The Gene Sorter provides dozens of columns containing information on genes computed at UCSC or provided by outside collaborators. In addition to these standard columns, users may also upload their own columns for temporary display in the browser. Custom columns are viewable only on the machine from which they were uploaded and are kept only for 8 hours after the last time they were accessed. Optionally, users can make custom columns viewable by others as well.
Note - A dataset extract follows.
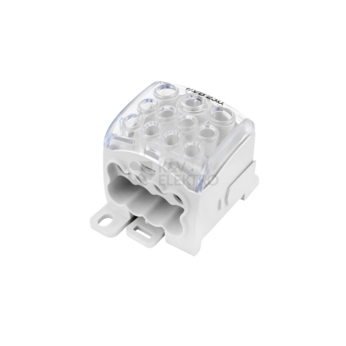 Blok pro rozdělení fází PDB 270 (dříve značeno PVB 230), 1pólový, pro CU vodiče, jmenovitý proud 270A, jmenovité napětí 690V, barva šedá / průhledné víko, montáž na DIN lištu / PANEL, krytí IP20, vstup 1x95mm2, výstup 2x35mm2, 8x25mm2
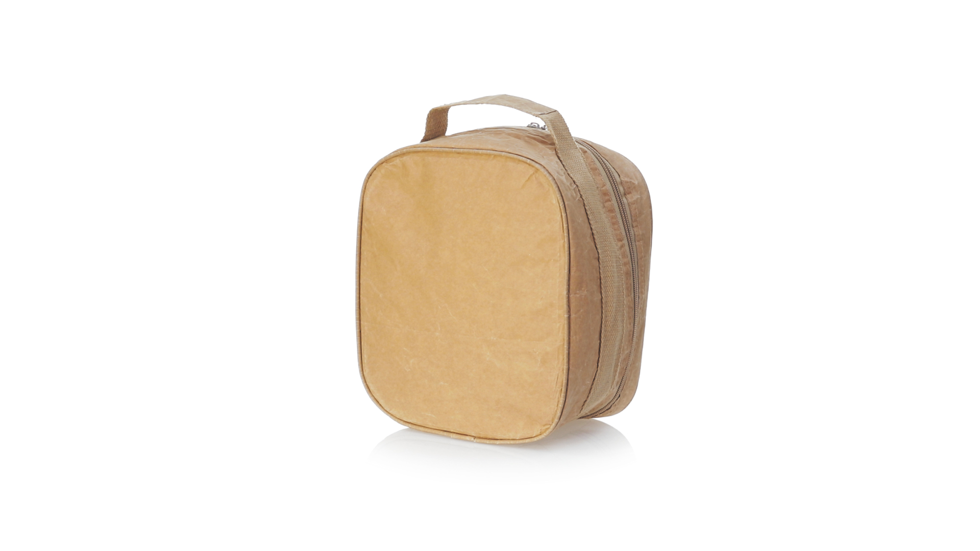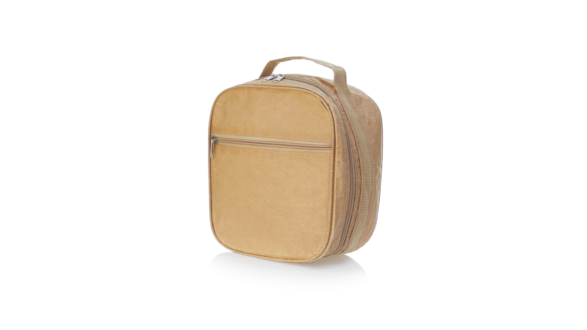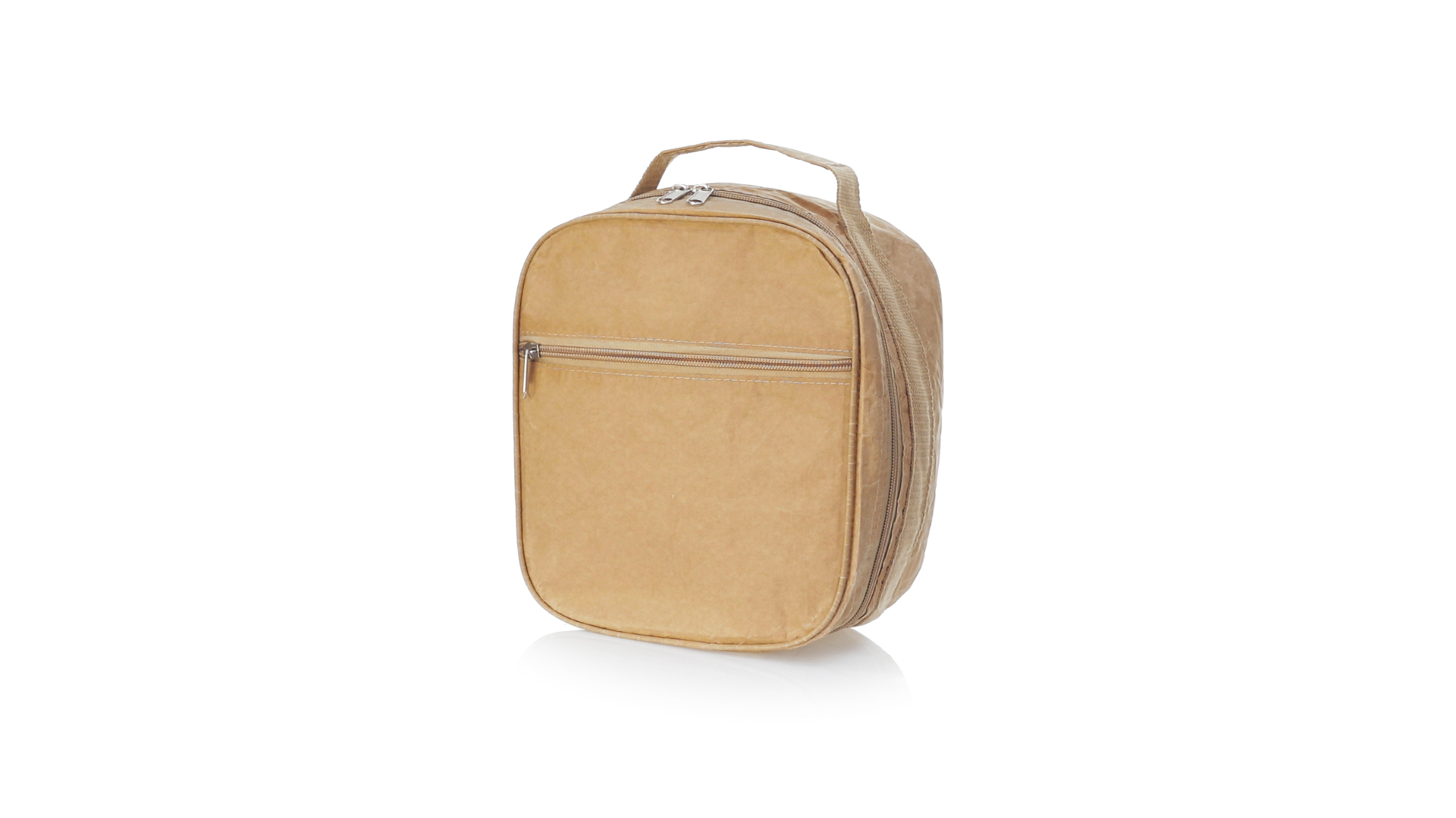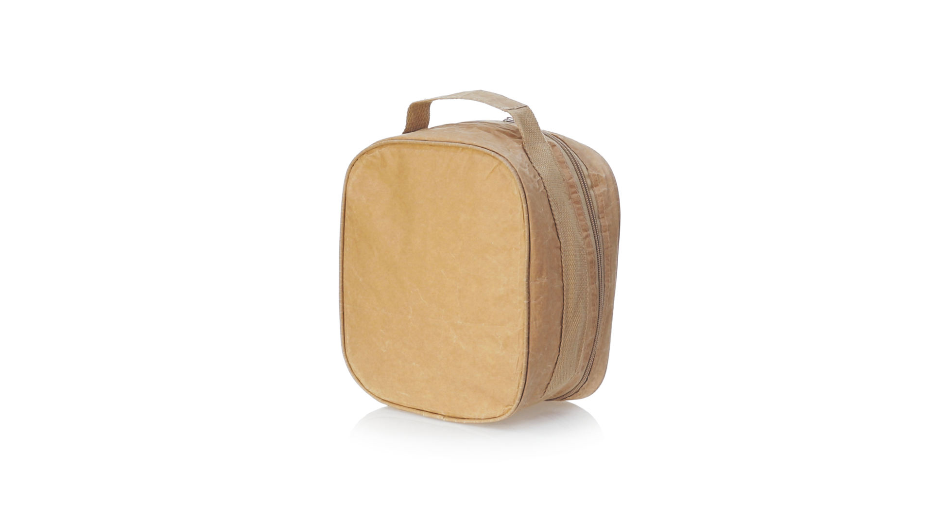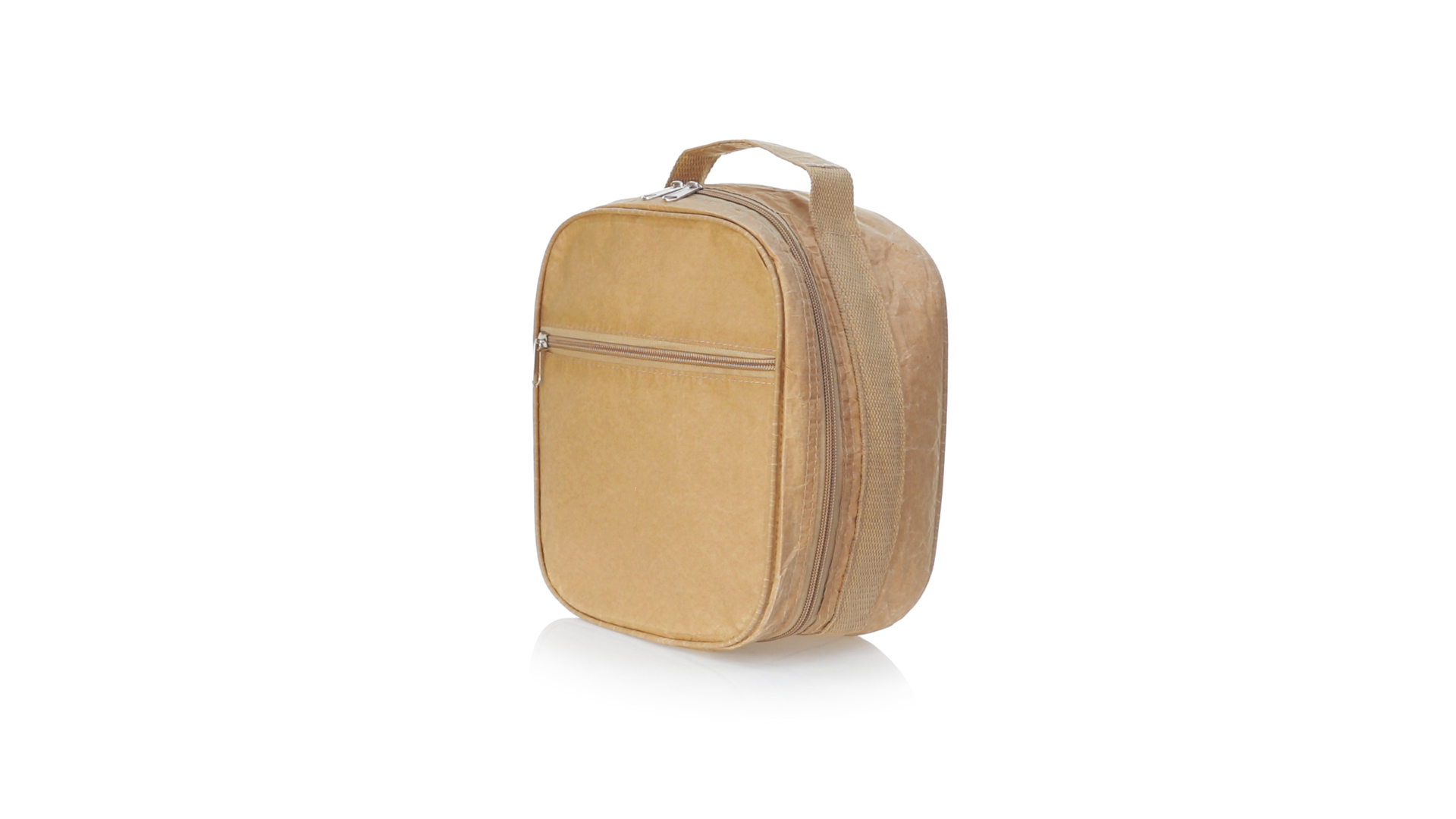 Kühltasche der Liene "Natur" aus Recyclingpapier. Mit zwei unabhängigen Reissverschlussfächern mit Metallgriffen. Verstärkter Tragegriff und isotherme Aluminium-Innenausstattung.

Gene Sorter custom columns are based on files in line-oriented format. Each column is described by an initial column line followed by one or more data lines. The column line describes the name, hyperlinks, and other overall characteristics of the column. Each data line contains specific information about a gene annotated by the column. Lines starting with # are ignored. Only one column file may be loaded at a time; however, multiple column descriptions may be included in the same custom file, separated by blank lines.



  The Column Line
 

Each column description must begin with a column line containing the keyword column followed by an optional set of one or more attribute pairs:

column [attribute1]=[value1] [attribute2]=[value2]...
Attribute values must be enclosed in quotes if they contain spaces or tabs. Attribute names and data values are case-sensitive. The following attributes may be defined:

  • name - Symbolic name of the custom column (not displayed to user).
  • shortLabel - Label displayed at the top of the column in the Gene Sorter display. The default value is User Column.
  • longLabel - Short description of the column displayed after the name on the configuration and filter pages. The default value is User custom column.
  • visibility - Controls whether column is displayed by default: on = display column, off = hide column. The default is on.
  • priority - Specifies the display order of the column relative to others. Columns with lower priority values appear toward the lefthand side of the display. The standard browser columns have priorities between 0 and 20. The default priority is 2.01.
  • itemUrl - URL used to construct hyperlinks accessed by clicking on column data values. If the URL contains %s, the column value will be inserted at that position in the hyperlink string. For example, if itemUrl for a column is defined as http://genome.ucsc.edu/cgi-bin/hgTracks?db=hg16& position=%s (the UCSC Genome Browser URL), clicking on the data value NM_024014 will open the Human Jul. 2003 Genome Browser to the position occupied by RefSeq accession NM_024014. There is no default for this attribute.
  • labelUrl - URL of the hyperlink accessed by clicking on the column label. No default.
  • search - When the atribute is set to one of the following values, column data may be searched using the Gene Sorter search text box. Rows containing matches will be moved to the top of the display.
    • exact - matches only if the text entered in the position search box exactly matches the column data text.
    • prefix - matches if search text exactly matches the initial part of the column data text.
    • fuzzy - matches if search text matches any portion of the column data text.
    By default, no search criterion is set.
  • idLookup - When set, this attribute specifies the standard column that should be used to link key values to the Gene Sorter display. For example, if idLookup is set to refSeq, a custom column data row containing the key NM_024014 will display on the same row as the RefSeq row containing NM_024014. The idLookup values are case-sensitive. By default, idLookup is set to the acc (GenBank) column. To determine the idLookup value that corresponds to a specific standard column, click the column's title in the Gene Sorter display (use the configure button to turn on the column display if it is currently hidden). The near.do.colInfo parameter in the URL linked to the column title is set to the idLookup value that corresponds to that column.
  • isNumber - When this attribute is set to on, the filter page displays numerical max/min controls for this column. Default is off.


  Data Lines
 

Data lines are of the format:

[key] [value] 
  • key - links the custom column data value to a data value in the column specified by the idLookup attribute. If idLookup is unset, the browser looks for a match in the acc (GenBank) column.
  • value - data value to be displayed in the custom column row that matches the specified key. It is permissible to have more than one key/value pair per key. In this case, the column displays a comma-separated list of values.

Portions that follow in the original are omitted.